If we were able to pool more than 10 trials, we decided to undertake formal statistical tests to investigate funnel plot asymmetry. For dichotomous data, we used a weighted linear regression based upon the odds ratio against its variance. In both cases, we considered a p-value below 0.05 as evidence that publication bias was present. We performed analyses using the “meta” R package (R Foundation for Statistical Computing, Austria).

We pooled outcomes of clinically and methodologically homogeneous studies, when meaningful, using a random‐effectsmodel. We performed analysis using Review Manager 5 (RevMan 2014, The Nordic Cochrane Centre, Denmark), and we produced forest plots for all analyses. Further details of the data extraction and the statistical analysis plan are detailed in the full Cochrane review.[24]

Results

The search returned 1,290 citations through the databases and an additional 150 citations from trial registries. Following removal of duplicates, titles and abstracts were screened for eligibility and 53 full texts were assessed for inclusion. In total 41 RCTs met the inclusion criteria for this review. A PRISMA flow diagram of our search results can be seen in Figure 1.

Fig. 1

Preferred Reporting Items for Systematic reviews and Meta-Analysis flow diagram demonstrating the results from the search and reasons for exclusion.

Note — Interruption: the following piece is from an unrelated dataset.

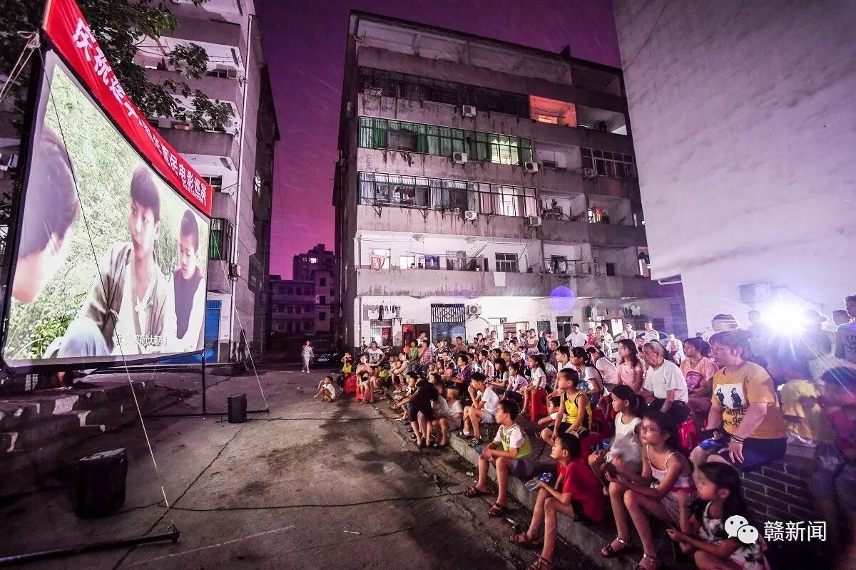 7月30日晚,江西省新余市渝水区,村民聚在一起观看抗战电影《抗日儿童团》。为庆祝建军90周年,连日来,江西新余市无线电管理局联合新余市电影公司在全市范围内开展军旅电影免费放映活动。周亮 摄

In total 2,819 participants were allocated to either surgery with a tourniquet (n = 1,461) or surgery without a tourniquet inflated (n = 1,466). In the tourniquet group, a tourniquet was used for the entire procedure in all studies. All trials included primary TKA only. In studies reporting sex, 1,777/2,721 (65%) were female. Where studies reported mean age, the mean age was 69.0 (SD 3.95) in the tourniquet group and 68.2 (SD 4.46) in the non-tourniquet group. Further details on the baseline characteristics can be seen in Supplementary Table i.

Risk of bias

Three trials (including a total of 296 patients) met all methodological criteria for low risk of bias.[15,16,35] The other trials had sources of bias including unclear risk of selection bias, performance bias, and detection bias, as blinding was not clearly stated in the methodology or protocol. A risk of bias summary is shown in Figure 2.

Fig. 2

Risk of bias with judgements about each item presented as percentages across all included studies.

Serious adverse events

A total of 21 studies reported SAEs (n = 1,799).[8,15,20-31,35-48-48] Of the 901 participants in the tourniquet group, 53 had a SAE, and 26 of the 898 participants in the no tourniquet group had a SAE. The risk of SAEs was greater in the tourniquet group compared to the no tourniquet group (RR 1.73 (95% CI 1.10 to 2.73); Figure 3). The number needed to harm (NNTH) was calculated as 48 (20 to 345) participants needed to have surgery with a tourniquet for one SAE to occur. Table I demonstrates the number of each SAE included in the analysis and the risk ratios.

Fig. 3

Forest plot demonstrating the number of serious adverse events in the surgery with a tourniquet group compared to the surgery without a tourniquet group. CI, confidence interval. M-H, Mantel-Haenszel method.

Table I.

Types of serious adverse events and numbers within each group included in the meta-analysis.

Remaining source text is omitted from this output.